- [Data in this exercise]:
Content starts

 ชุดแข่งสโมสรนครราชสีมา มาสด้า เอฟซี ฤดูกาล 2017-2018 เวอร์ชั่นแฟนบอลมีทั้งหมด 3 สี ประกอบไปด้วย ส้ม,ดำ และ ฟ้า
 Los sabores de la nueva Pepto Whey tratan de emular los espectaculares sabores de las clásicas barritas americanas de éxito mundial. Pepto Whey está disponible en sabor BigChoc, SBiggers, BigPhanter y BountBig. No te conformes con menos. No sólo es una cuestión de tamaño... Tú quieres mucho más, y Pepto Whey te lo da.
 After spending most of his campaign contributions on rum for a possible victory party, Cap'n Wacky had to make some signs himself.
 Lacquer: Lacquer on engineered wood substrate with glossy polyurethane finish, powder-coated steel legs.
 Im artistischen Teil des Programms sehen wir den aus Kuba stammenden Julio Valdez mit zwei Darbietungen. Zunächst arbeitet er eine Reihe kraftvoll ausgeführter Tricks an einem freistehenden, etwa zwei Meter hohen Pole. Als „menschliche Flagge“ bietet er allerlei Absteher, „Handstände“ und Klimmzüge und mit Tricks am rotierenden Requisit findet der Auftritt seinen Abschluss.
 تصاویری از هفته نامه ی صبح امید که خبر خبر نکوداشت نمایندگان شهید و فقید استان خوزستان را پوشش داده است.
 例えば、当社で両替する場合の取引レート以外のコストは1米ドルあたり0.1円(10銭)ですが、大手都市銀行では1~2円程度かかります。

Content ends
Content starts

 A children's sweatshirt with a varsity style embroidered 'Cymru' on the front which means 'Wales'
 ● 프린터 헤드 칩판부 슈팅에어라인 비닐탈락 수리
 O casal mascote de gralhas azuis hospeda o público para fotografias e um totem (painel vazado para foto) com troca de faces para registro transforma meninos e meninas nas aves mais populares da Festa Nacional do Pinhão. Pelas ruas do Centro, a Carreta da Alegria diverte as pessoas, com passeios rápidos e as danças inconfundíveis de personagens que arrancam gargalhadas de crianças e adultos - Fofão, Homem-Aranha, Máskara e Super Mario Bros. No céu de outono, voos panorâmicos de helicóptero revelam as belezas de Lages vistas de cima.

Content ends

- [Exercise instructions]: What are the lines above that hold the string "with"? Copy them.

- [Response for this exercise]:
 Lacquer: Lacquer on engineered wood substrate with glossy polyurethane finish, powder-coated steel legs.
 A children's sweatshirt with a varsity style embroidered 'Cymru' on the front which means 'Wales'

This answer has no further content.